= Florent de Berlaymont =

Belgian noble (d. 1626)

Florent of Berlaymont (c. 1550 – 3 April 1626) was Count of Lalaing and Berlaymont, and Stadtholder (governor) of Namur, Artois, Guelders-Zutphen and Luxembourg, in the service of the King of Spain.

He was the youngest son of Charles de Berlaymont and Adriana de Ligne Barbançon, and brother of Gilles de Berlaymont and Claude de Berlaymont. In 1576 Florent shortly joined the Union of Brussels, but soon became loyal to the King of Spain again. In 1579 he succeeded his brother Gilles, who was killed at the Siege of Maastricht (1579), as stadtholder of Namur and Artois.

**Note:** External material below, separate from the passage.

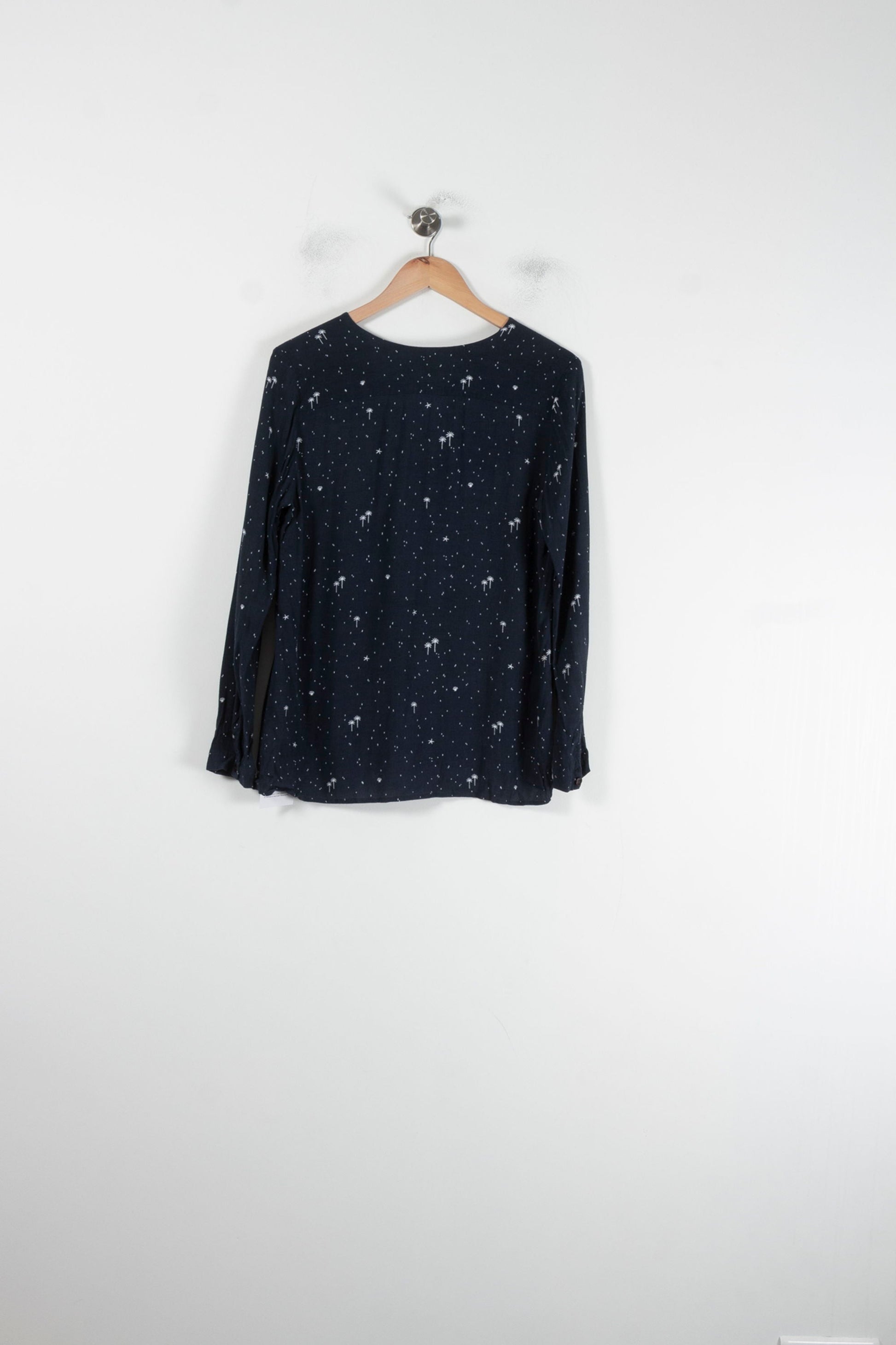 Top bleu à motifs étoilés Des Petits Hauts taille M/38, une pièce élégante à la coupe fluide et féminine. Confectionné en 100% viscose, ce top se distingue par sa matière légère et douce ainsi que par ses boutons délicats à l’avant, sublimés par ses motifs de petites étoiles blanches qui ajoutent une touche de poésie. Parfait pour être porté lors d’un déjeuner entre amis ou au bureau pour une allure chic et décontractée.

Florent inherited the title of Count of Berlaymont from his father in 1578. By marrying Margaret of Lalaing, only daughter of Philip de Lalaing (1537–1582) and Margaret of Ligne, he also became Count of Lalaing in 1582.

Florent and Margaret of Lalaing had two daughters, one of whom, Marie-Margaret of Berlaymont, who married Louis of Egmont, prince of Gavere (died 1654).

When his other brother Claude was killed in 1587, Florent succeeded him as stadtholder of Guelders-Zutphen. In 1604, Florent also became stadtholder of Luxembourg, after the death of Peter Ernst I von Mansfeld-Vorderort.

Florent became a Knight in the Order of the Golden Fleece in 1586.